There is no easy answer in this case, given the public funding of the health care system. Many people (in the US at least) seem to think that a national health care system would solve all of our problems, but it really should be seen as a trade-off. Some people gain access into a system that was previously unaffordable, but in the process you lose a (significant) degree of liberty. For me, a libertarian, this is unacceptable. I do not want a doctor, hospital, or government official dictating my health care choices. I don’t want to be “rationed” according to someone else’s belief system. In fact, this quote from Dr. Jeff Blackmer (executive director, office of ethics, for the Canadian Medical Association) scares the bejeezus out of me:

“Our viewpoint is that we want to make sure that clinical decisions are left to physicians and not judges…These decisions are not made lightly and they’re not made in haste, and they’re not made with anything except the best interest of that individual patient at heart.”

The only person who has the patient’s best interests at heart is the patient! And if the patient is incapacitated, as in the case of Mr. Golubchuk, it should defer to his legal wishes or immediate family.  From the standpoint of an American hospital, this situation is baffling. Certainly we have end-of-life issues as well, but rarely of this sort. From the perspective of the Canadian health system, however, the case may be rare but is unlikely to be unique (particularly when you consider our rapidly aging population). How many times each day must difficult decisions be made within such a system as to who gets what test/procedure/equipment, and who doesn’t? I’m not saying the US system is perfect (far from it!), but our way of”rationing” is very different.
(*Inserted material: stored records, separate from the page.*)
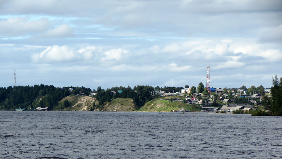 Через полчаса от Приобья вниз по течению на правом берегу встречают Шеркалы, первое русское село (а не казачья крепость) на Оби, основанное в 1595 году у хорошо заметных Трёх Братьев, городищ разных эпох, на первом из которых люди жили ещё до прихода угров, а на последнем в 14-15 веках обосновались коми, называвшие это поселение Шеркар. Оно сгорело в 16 веке, ну а русские обосновались уже в заливе, а не на мысу. Ныне из тысячи жителей села около трёхсот - ханты. Обезглавленная Спасская церковь (1904-11) кажется по виду лет на сто постарше. Вообще же удивительно, сколько русских церквей в этом северном краю. Ещё тут есть Шеркальский этнографический музей (1982) среднеобских ханты, большая часть экспонатов которого привезена из деревни Лохтокурт. У села - странный мостик на заливе, каменная часть которого явно перекинута через основное русло впадающей речки, а деревянная - над большой водой половодья. Такое ощущение, что тут размыло насыпь, причём не факт, что в этом году: А пристань чу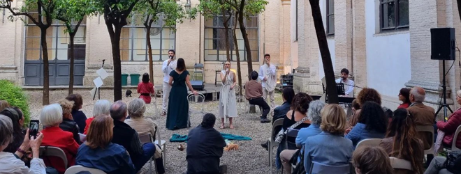 I nostri progetti base sono Fabrica musica letteratura in costruzione e Architetture e linguaggi, cioè passeggiate archeologiche che descrivono l’architettura dell’epoca romana, detta post-moderna. A questi due pilastri si sono poi aggiunte conferenze-concerto su temi che spaziano dalla storia dell’arte alla storia del costume, fino alla letteratura. Poi laboratori per bambini o per anziani sul mito e il cinema gratuito per soci e anziani. Infine un progetto la cui prima produzione è nata in pandemia: Forme, studio per una metamorfosi, la cui idea nasce dalla rielaborazione delle Metamorfosi di Ovidio, rappresentate in quattro stanze con testi anche originali e miti musicali, arrangiati per quattro voci e pianoforte.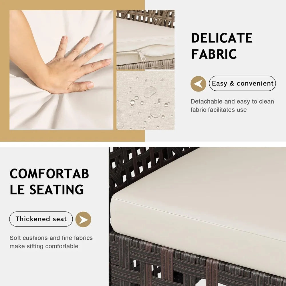 - Brown, weather-ready PE rattan wicker resists sun, rain, and fading, keeping its finish and clean lines through seasons of use.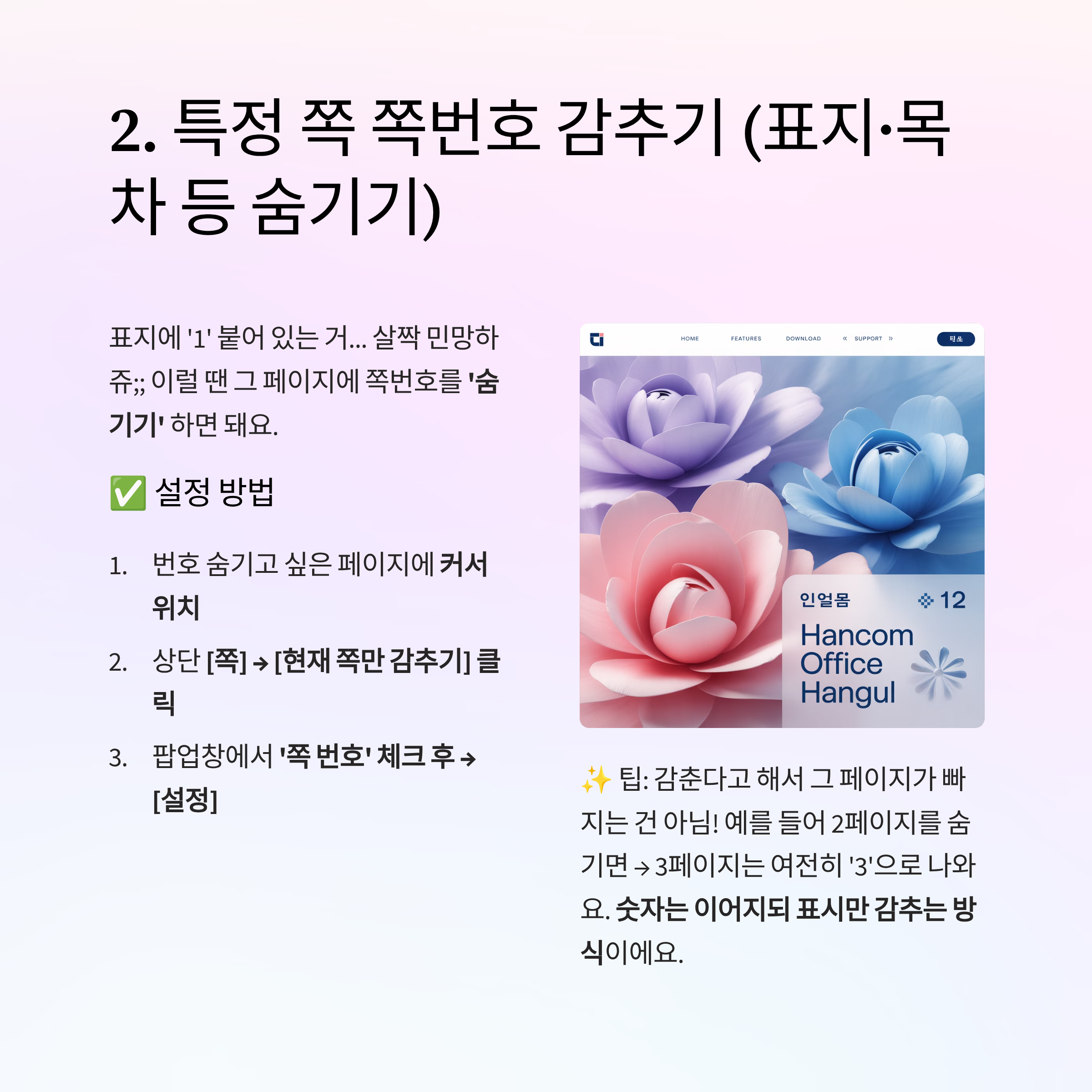 ✨ 팁: 페이지는 숨겨져도 번호 체계는 유지됩니다 (3페이지를 숨겨도 다음은 ‘4’).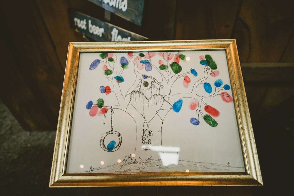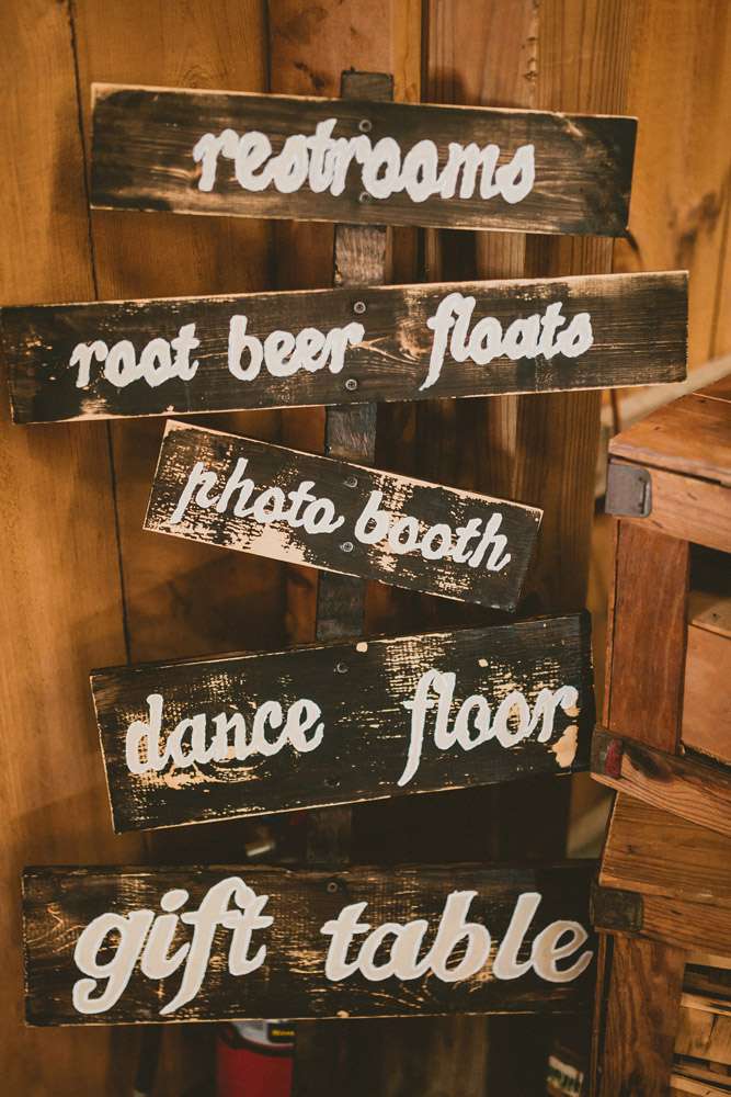 “A lot of our clothes and jewelry was handmade”, she continued. “We also made all the signs for the reception by getting some reverse lettering cut in vinyl from a local sign shop, sticking it to the sign, and painting over it. It made for clean edges and was pretty inexpensive.”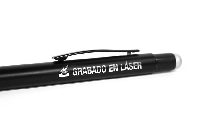 Metálico. Pulsador touch color plata. Clip metálico. Cuerpo negro mate. Destapa electro plateado en parte superior e inferior del bolígrafo.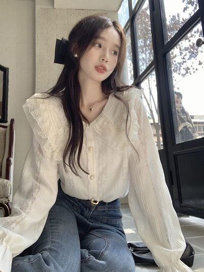 2024 秋先取 ブラウス 今っぽシアーシャツ シアーシャツ 長袖 版 フレンチレース パッチワークドールネック 甘い 長袖 シャツ オフィス トップス レディース 韓国ファッション | gizshop

Americans who favor a single-payer national health system need to think carefully about situations such as these. How much of your individual decision-making abilities are you willing to hand over to a stranger? It will be interesting to see what the Canadian judge decides in this case (I believe it is scheduled for sometime this week).

~Lily

Sources:

Insure Blog – “A troubling conundrum

Jewish Post (1/7/07) – “Canadian judge to rule on Jew facing euthanasia

Retuers (UK – 12/14/07) – “Canadian life-support case pits religion vs. science

2 Comments

  1. Jamelle said,

    January 10, 2008 at 3:15 pm

    I do not want a doctor, hospital, or government official dictating my health care choices. I don’t want to be “rationed” according to someone else’s belief system.

    I don’t have much of an opinion on this yet, but it is worth nothing that in the United States, you will be “rationed according to someone else’s belief system” except that instead of it being done by bureaucrats, it’ll be by “market forces.” The trade-off isn’t between rationing and freedom, it’s between the type of rationing and the degree of fairness.

    And by the way,

    Good to hear from you! It’s been awhile since you’ve posted.

  2. Lily said,

    January 10, 2008 at 3:31 pm

    Thanks for the comment! I was on winter break, so spent much of it traveling and away from a computer and internet access…nice to know I was missed. 🙂

    And I agree with your statement – certainly we have “rationing” in the US, but it is done by a person’s ability to pay rather than the ethical views of a stranger (which I suppose would be a better choice of words on my part than “belief”). I wouldn’t say one is inherently more “fair” than the other, but just that they are based upon different moral frameworks. Some people value collectivism more than individualism or vice versa, and I think different health care systems reflect these views in varying degrees.